Bianca Andrew und Michael Porter in "Blühen". Foto: Barbara Aumüller/Oper Frankfurt


Brigitte Fassbaender hat an der Oper Frankfurt Vito Žurajs Oper "Blühen" uraufgeführt, mit einem Libretto von Händl Klaus nach Thomas Manns Erzählung "Die Betrogene". Es geht um eine ältere Frau, die sich nach dem Tod ihres Mannes in den Klavierlehrer ihres Sohnes verliebt. Als ihre Periode wieder einsetzt, denkt sie, es liege an der Liebe, dabei ist sie an Krebs erkrankt. In der FR ist Judith von Sternburg bewegt und berührt: "Der Übergang von Geräusch zu Musik, von Melodielinie zu Gemurmel, von menschlicher zu instrumentaler Stimme, auch vom gesprochenen zum gesungenen Wort ist gleitend - was zum Raum passt, der ja auch zugleich ein Innen und ein Außen zeigt -, das Spektrum der Klangerzeugung ist breit. Auffällig dabei die Behutsamkeit, die wachsende Stille. Sterben ist totale Defensive. Exaltiertheit wird allein (zunächst) der Tochter Anna zugeschrieben, Nika Goric bei ihrem Hausdebüt, die in extreme Höhen muss und eine unerwartete, aber interessante Aggressivität bietet."
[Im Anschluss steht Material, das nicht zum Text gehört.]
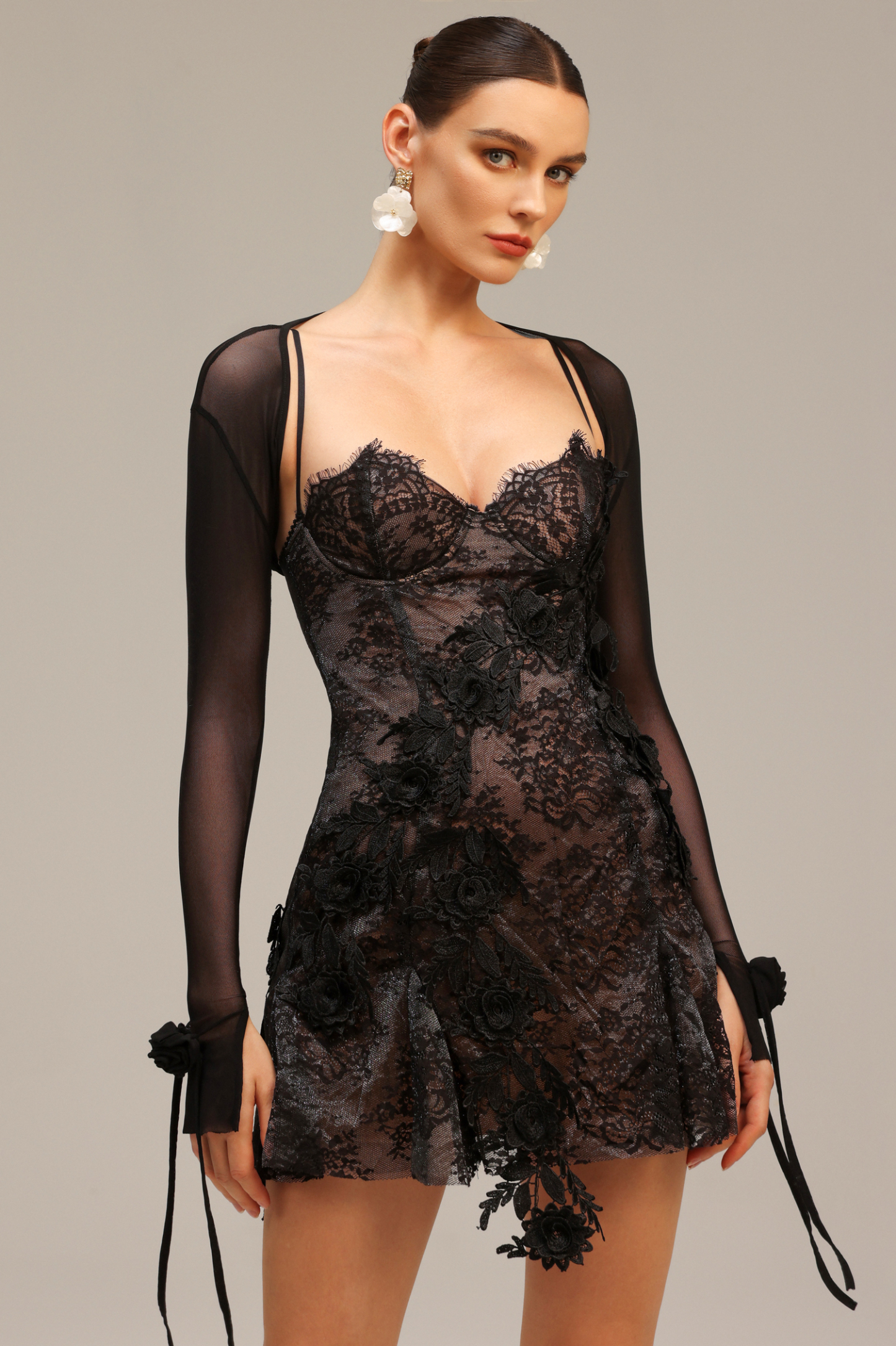 Sarna Halter Lace Flowers Mini Dress And Coat Two-Piece Set

In der FAZ begeistert sich auch Jan Brachmann für so viel Mut zum Neuen - und für Žurajs Komposition, auch wenn sie mit den seit Schostakowitsch notorischen Posaunenglissandi arbeite: "Die genitale Mechanik wird musikalisch eher diskret gestreift als unverblümt abgebildet. Stattdessen entsteht - taktvoll austariert durch Michael Wendeberg - eine instrumentale Poesie des Taumels. Die Menschen verlieren die Schwerkraft." In der SZ schwankt Helmut Mauró zwischen Faszination und gepflegter Langeweile, denn so leicht lasse sich eine Erzählung nicht in Musiktheater transformieren: "Interessanter noch, aufregend, stimmig ist der orchestrale Unterbau, die oft sublime Stimmungsmaschine dieses zwischen Melancholie und Hysterie changierenden Psychotheaters. Im Orchestergraben wird's Ereignis, dort zupfen, schlagen, streichen und tröten munter engagierte Spitzenmusiker des Ensemble Modern unter Leitung von Michael Wendeberg sich jene weite Welt zusammen, die auf der Bühne selber, zumal im tragenden Part, dem Gesang, selten aufscheint."

Boris Charmatz' "Frühlingsopfer". Bild: Tanztheater Wuppertal

Boris Charmatz
hat seine ersten Abend als Leiter des Wuppertaler Tanztheaters gestaltet. Nicht alles scheint gelungen, aber wenn die beiden Tänzerinnen Malou Airaudo und Germaine Acogny mit ihrer majestätischen Bühnenpräsenz den Stab an die nächste Generation weitergeben, ist FAZ-Kritikerin Wiebke Hüster elektrisiert: "Diese nächste Generation zeigt am Ende des Abends, dass sie das Sprichwort, wonach man Feuer weitergeben, nicht Asche anbeten soll, wenn es um Tradition geht, verstanden hat. Das afrikanische Tanzensemble, das Pina Bauschs 1975 geschaffene Strawinsky-Choreographie 'Le Sacre du Printemps' tanzt, muss man gesehen haben, es ist besser als jede andere Besetzung, rauer, nüchterner, brutaler gegen sich selbst, ein Wunder an Unerschöpflichkeit, Präzision und Upbeat."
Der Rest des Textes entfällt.